[WORK INSTRUCTIONS]: Write the data out again, character for character, with no images.

[DATASET SECTION]:
^^^^^^^^

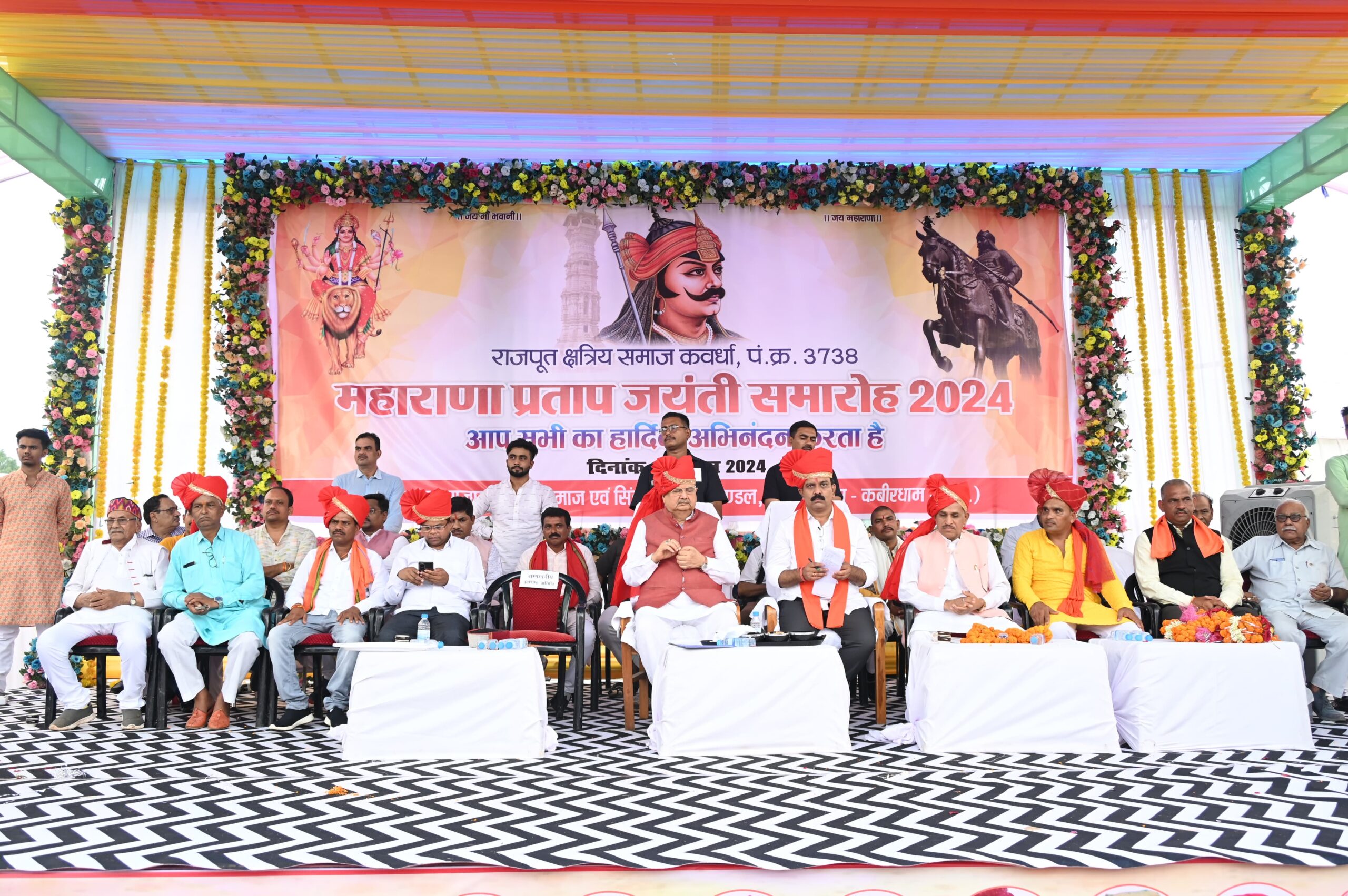 समारोह के मुख्य अतिथि विधानसभा अध्यक्ष डॉ. रमन सिंह थे। उप-मुख्यमंत्री श्री विजय शर्मा ने समारोह की अध्यक्षता की। अपने उद्बोधन में श्री शर्मा ने स्थानीय क्षत्रिय समाज की ओर से प्रस्तुत सभी मांग पत्रों को स्वीकार करते हुए और सभी मांगों के लिए अपनी हामी देते हुए कहा कि यह समाज सनातनी परंपरा और मान बिंदुओं के लिए प्राण लगा देने वाला समाज है। जब जब भी सनातनी समाज में कोई परेशानी होती है, तब तब इस समाज के नौजवान महाराणा प्रताप जी को याद करते हुए समाज की सेवा में उपस्थित हो जाते हैं। श्री शर्मा ने कहा कि महाराणा प्रताप हम सबके आदर्श हैं, आराध्य हैं, देवता समान हैं। द्वंद्व कहां तक पाला जाए, युद्ध कहां तक टाला जाए, तू भी राणा का वंशज, फेंक जहां तक भाला जाए। इन पंक्तियों के साथ उप-मुख्यमंत्री श्री शर्मा ने सभा में गर्वित भावों की तरंगें बिखेर दीं। समारोह में श्री सियाराम साहू, श्री अशोक साहू, श्री अशोक ठाकुर सहित सामाजिक महिला, पुरुष बड़ी संख्या में उपस्थित रहे।
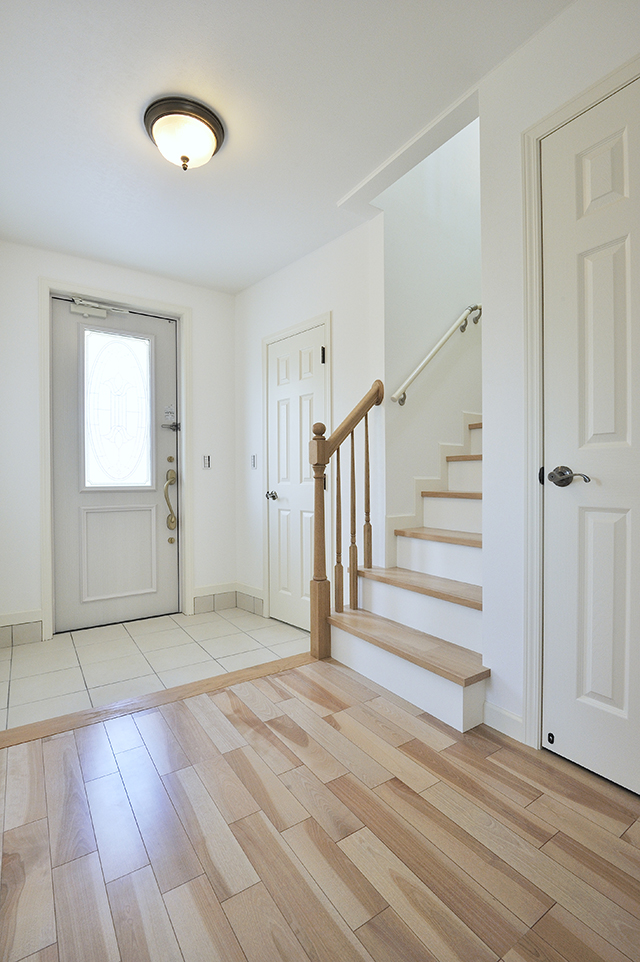 白で統一したエントランスホールには清潔感があふれます。右のドアの奥には1帖分のシューズクロークがあります。
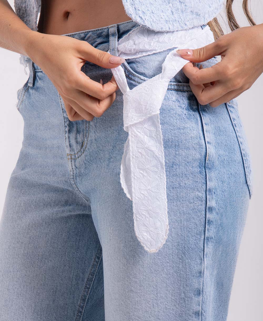 Jean Momfit tiro alto con lazo decorativo
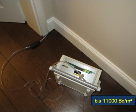Radon-Quellensuche (Radon-Sniffing)Bei der Radon-Quellensuche geht es um eine Erkennung der wichtigen konvektiven Radon-Eintrittsstellen und deren Lokalisierung. Nur nach einer gründlichen Untersuchung können die richtigen Maßnahmen getroffen werden. Im Zuge einer Sanierungsplanung können auffällige Eintrittsstellen erkannt und abgedichtet werden.Auch die Aktivitätskonzentrationen an den Radon-Eintrittsstellen schwanken im zeitlichen Verlauf stark - noch stärker als die Raumluftkonzentrationen. Die beim Radon-Sniffing vorgefundenen Aktivitätskonzentrationen können im Bereich der Bodengaskonzentrationen im höheren kBq-Bereich liegen.Aus diesem Grund sollte bei der Messung vor Ort eine ausreichende Druckdifferenz (Unterdruck auf der Raumseite) gegenüber der Bodenluft unter dem Gebäude vorherrschen. Dies gelingt im Winter oft durch den natürlichen thermischen Auftrieb während der Heizperiode. Durch eine gezielte ventilatorgesteuerte Unterdruckhaltung z.B. nach dem Blower-Door-Prinzip kann ein Unterdruck auch außerhalb der Heizperiode hergestellt werden. In üblichen Einfamilienhäusern genügen schon 10 bis 20 Pascal Unterdruck aus. Aus diesem Grund können Messungen zur Radon-Quellensuche auch gut in Verbindung mit dem Rn50-Test während der Wartezeit bis zur Ausgleichskonzentration in der Raumluft durchgeführt werden.=> siehe Radon-Check Rn50-Test und Quellensuche

^^^^^^^^

[OUTPUT BELOW]:
 समारोह के मुख्य अतिथि विधानसभा अध्यक्ष डॉ. रमन सिंह थे। उप-मुख्यमंत्री श्री विजय शर्मा ने समारोह की अध्यक्षता की। अपने उद्बोधन में श्री शर्मा ने स्थानीय क्षत्रिय समाज की ओर से प्रस्तुत सभी मांग पत्रों को स्वीकार करते हुए और सभी मांगों के लिए अपनी हामी देते हुए कहा कि यह समाज सनातनी परंपरा और मान बिंदुओं के लिए प्राण लगा देने वाला समाज है। जब जब भी सनातनी समाज में कोई परेशानी होती है, तब तब इस समाज के नौजवान महाराणा प्रताप जी को याद करते हुए समाज की सेवा में उपस्थित हो जाते हैं। श्री शर्मा ने कहा कि महाराणा प्रताप हम सबके आदर्श हैं, आराध्य हैं, देवता समान हैं। द्वंद्व कहां तक पाला जाए, युद्ध कहां तक टाला जाए, तू भी राणा का वंशज, फेंक जहां तक भाला जाए। इन पंक्तियों के साथ उप-मुख्यमंत्री श्री शर्मा ने सभा में गर्वित भावों की तरंगें बिखेर दीं। समारोह में श्री सियाराम साहू, श्री अशोक साहू, श्री अशोक ठाकुर सहित सामाजिक महिला, पुरुष बड़ी संख्या में उपस्थित रहे।
 白で統一したエントランスホールには清潔感があふれます。右のドアの奥には1帖分のシューズクロークがあります。
 Jean Momfit tiro alto con lazo decorativo
Radon-Quellensuche (Radon-Sniffing)Bei der Radon-Quellensuche geht es um eine Erkennung der wichtigen konvektiven Radon-Eintrittsstellen und deren Lokalisierung. Nur nach einer gründlichen Untersuchung können die richtigen Maßnahmen getroffen werden. Im Zuge einer Sanierungsplanung können auffällige Eintrittsstellen erkannt und abgedichtet werden.Auch die Aktivitätskonzentrationen an den Radon-Eintrittsstellen schwanken im zeitlichen Verlauf stark - noch stärker als die Raumluftkonzentrationen. Die beim Radon-Sniffing vorgefundenen Aktivitätskonzentrationen können im Bereich der Bodengaskonzentrationen im höheren kBq-Bereich liegen.Aus diesem Grund sollte bei der Messung vor Ort eine ausreichende Druckdifferenz (Unterdruck auf der Raumseite) gegenüber der Bodenluft unter dem Gebäude vorherrschen. Dies gelingt im Winter oft durch den natürlichen thermischen Auftrieb während der Heizperiode. Durch eine gezielte ventilatorgesteuerte Unterdruckhaltung z.B. nach dem Blower-Door-Prinzip kann ein Unterdruck auch außerhalb der Heizperiode hergestellt werden. In üblichen Einfamilienhäusern genügen schon 10 bis 20 Pascal Unterdruck aus. Aus diesem Grund können Messungen zur Radon-Quellensuche auch gut in Verbindung mit dem Rn50-Test während der Wartezeit bis zur Ausgleichskonzentration in der Raumluft durchgeführt werden.=> siehe Radon-Check Rn50-Test und Quellensuche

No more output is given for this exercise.